Until 2008, it was generally accepted that, in accordance with R v Ashford BC ex p Shepway DC [1999] P&CR 12, the general rule in construing a planning permission which is clear, unambiguous and valid on its face is that regard may only be had to the planning permission itself, including the conditions (if any) attached to it and the express reasons for those conditions. This rule excludes reference to the planning application as well as to other extrinsic evidence, unless the planning permission incorporates the application by express reference, in which case the application is treated as having become part of the permission.

Furthermore, in order for the application to be treated as having been incorporated in the permission, more is required than a mere reference to the application on the face of the permission. The words which refer specifically to the application (such as ‘in accordance with the plans and application’ or ‘on the terms of the application’) must appear in the operative part of the permission dealing with the development and the terms in which permission is granted. These words need to govern the actual description of the development permitted.

However, in Barnett v. SSCLG [2008] EWHC 1601 (Admin) in which judgment was given on 20th June 2008, Sullivan J (as he then was) pointed out that if it is plain on the face of a permission that it is a full permission for the construction, erection or alteration of a building, there are bound to be plans and drawings which will describe the building works which have been permitted. He held that in such a case those plans and drawings describing the building works were as much a part of the description of what has been permitted as the permission notice itself. It is not a question of resolving an "ambiguity". On its face, a grant of full planning permission for building operations is incomplete without the approved plans and drawings showing the detail of what has been permitted. In the absence of any indication to the contrary, those plans and drawings will be the plans listed in the application for permission. The reasonable inference, against the statutory background provided by Section 62 of the Act and the 1988 Regulations, is that a grant of full planning permission approves the application drawings.

This may well govern the external appearance of the building but, in the absence of any express condition attached to the planning permission, the permission cannot prevent subsequent internal alterations to the building, so long as they would not materially affect the external appearance of the building. Thus, even if it were to be argued that the planning permission read together with the approved drawings (as per Barnett) describes the extent of the authorised development, so as to govern not only the external appearance of the building but also its internal arrangements as first built, it does not and cannot limit subsequent internal alterations, nor any resulting intensification of the use of that development (provided it remains within the same Use Class) in the absence of an express condition preventing internal alterations or any such future intensification.

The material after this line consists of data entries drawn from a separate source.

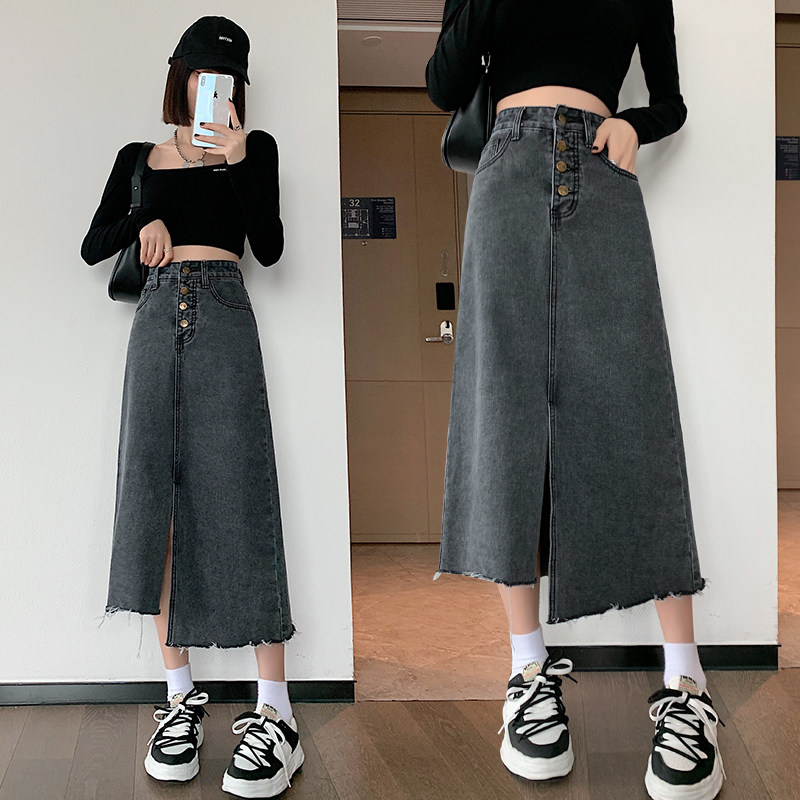 Осенняя длинная дизайнерская джинсовая юбка, большой размер, высокая талия, тренд сезона, А-силуэт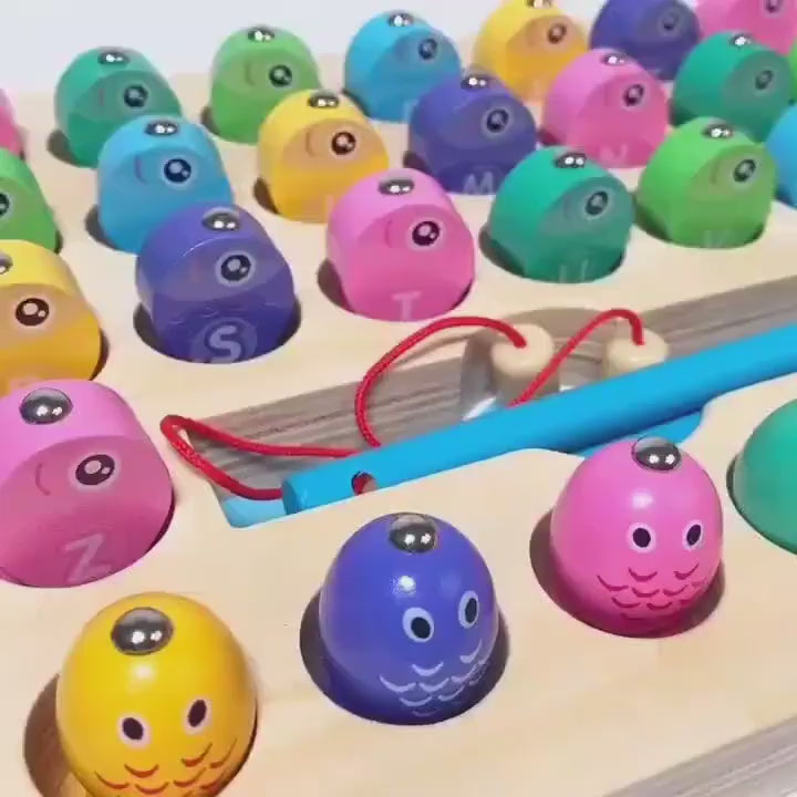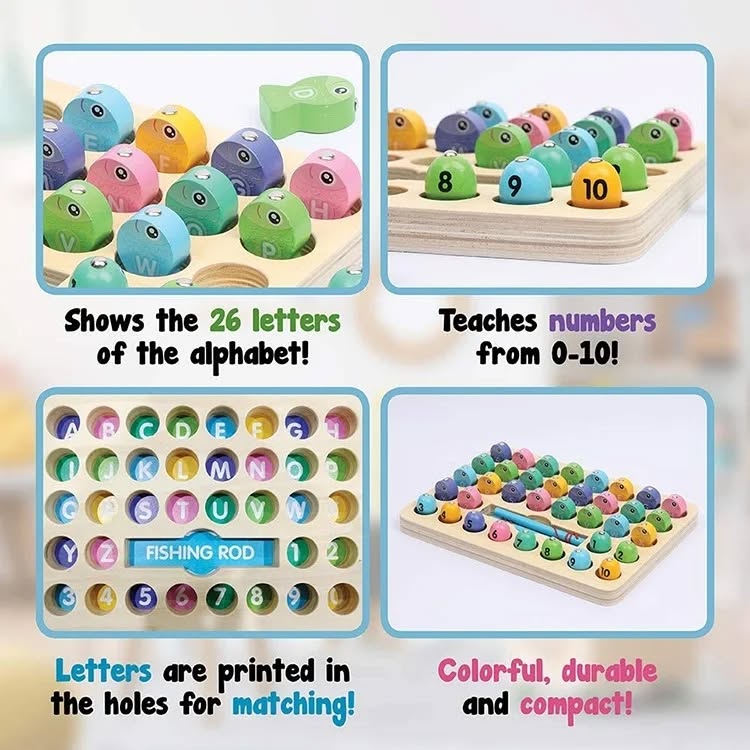 Fishing game for kids - educational fish game for kids with thick and soft wood that contains letters and numbers in small holes. It also includes a small fish that has 26 letters and 10 numbers. This alphabet learning toy also includes 2 wooden fishing poles with gems attached to them to catch fish and place them in the hole.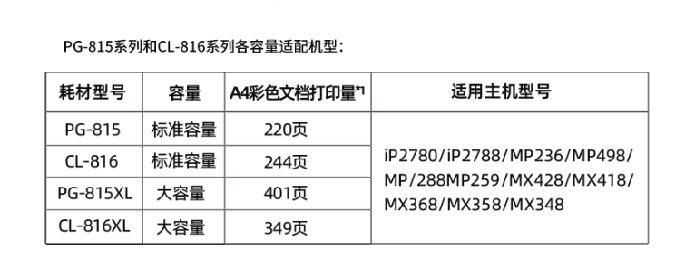 • 适用机型:IP2780、iP2780/iP2788、MP259/MP288/MP498、MX348/MX358/MX368/MX418/MX428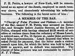 Pettis' later career as a slave catcher took advantage of the nature of fugitive slave laws and in jurisdictional differences in the rights of individuals in various U.S. states.[20] If Pettis got hold of a fugitive slave living in a free state, and could convince a court of that person's identity as escaped chattel, he was empowered to return them to that person's legal owner in a slave state.[21] Thus, even reaching a "free state" like New York was no guarantee of liberty for a freedom-seeking American slave. As a rule, Pettis would advertise in Southern papers, instructing "masters who desired his services...to forward him power of attorney, a description of the runaway, 'and also a fee of $20'."[20] If the slave was to be returned to his or her owner, that would cost an additional $100.[20]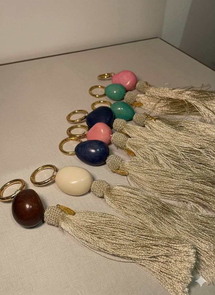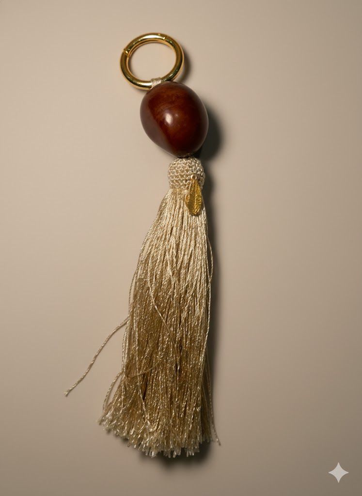 Charms artesanales elaborados con detalle y cuidado, pensados para aportar color, textura y personalidad a cada pieza. Cada llaverito combina una tagua de acabado suave, aros metálicos y flecos delicados, creando un accesorio versátil y lleno de encanto artesanal.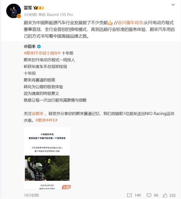 雷·朱约(Lei Jun)赞扬尼奥(Nio)对汽车行业的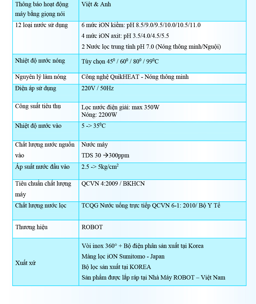 - Và 5 mức nước iON axit (pH 3.5/4.0/4.5/5.5). Chất lượng nước đạt chỉ số tối ưu, nồng độ Hydro hoạt tính lên đến ~ 1500 -> 1800 ppb, chống oxy hóa (ORP) lên đến ~ -850 -> -1000 mV, đáp ứng mọi nhu cầu sử dụng trong cuộc sống. Máy lọc nước điện giải iON kiềm Nóng ROBOT ionSmart được thiết kế kiểu dáng hiện đại, thiết kế chinh phục mọi không gian. Đặc biệt, bộ sưu tập 5 sắc màu pastel hiện đại đáp ứng mọi sở thích và phong cách nội thất, chắc chắn sản phẩm sẽ là điểm nhấn đặc sắc trong ngôi nhà của bạn. Chỉ số Hydrogen, ORP của nước tùy thuộc số tấm điện cực, đặc tính nguồn nước & “điều kiện đo trong phòng thí nghiệm chuyên nghiệp, đạt chuẩn”. ️ Máy lọc nước điện giải iON kiềm Nóng ROBOT ionSmart 1112, tạo 12 loại nước bổ ích, pH 3.5 --> 11.0 - Đáp ứng mọi nhu cầu trong cuộc sống Có thể tham khảo ý kiến của Bác sĩ hoặc chuyên gia dinh dưỡng để được hướng dẫn loại nước uống phù hợp nhất cho cơ thể. Kiểu dáng hiện đại - Thiết kế chinh phục mọi không gian

In my view, it would be a highly artificial interpretation of the legal position, which would serve no useful planning purpose, to argue that whilst subsequent (possibly drastic and major) internal alteration of the building would not constitute development and could be carried out with impunity, the internal layout and accommodation as first built must nevertheless comply exactly with the approved drawings. If an LPA wishes to ensure that the internal arrangements are executed and retained strictly as per the approved drawings, they should at the very least expressly incorporate the application and drawings in the description of the development in the planning permission and, for the sake of completeness, should also impose an express condition to that effect (subject, of course, to the policy considerations set out in Circular 11/95).

For those reasons, I do not regard the judgment in Barnett as authority for the proposition that the internal layout of a building must comply strictly with the arrangements shown in the approved drawings, in the absence of express provision to that effect in the planning permission.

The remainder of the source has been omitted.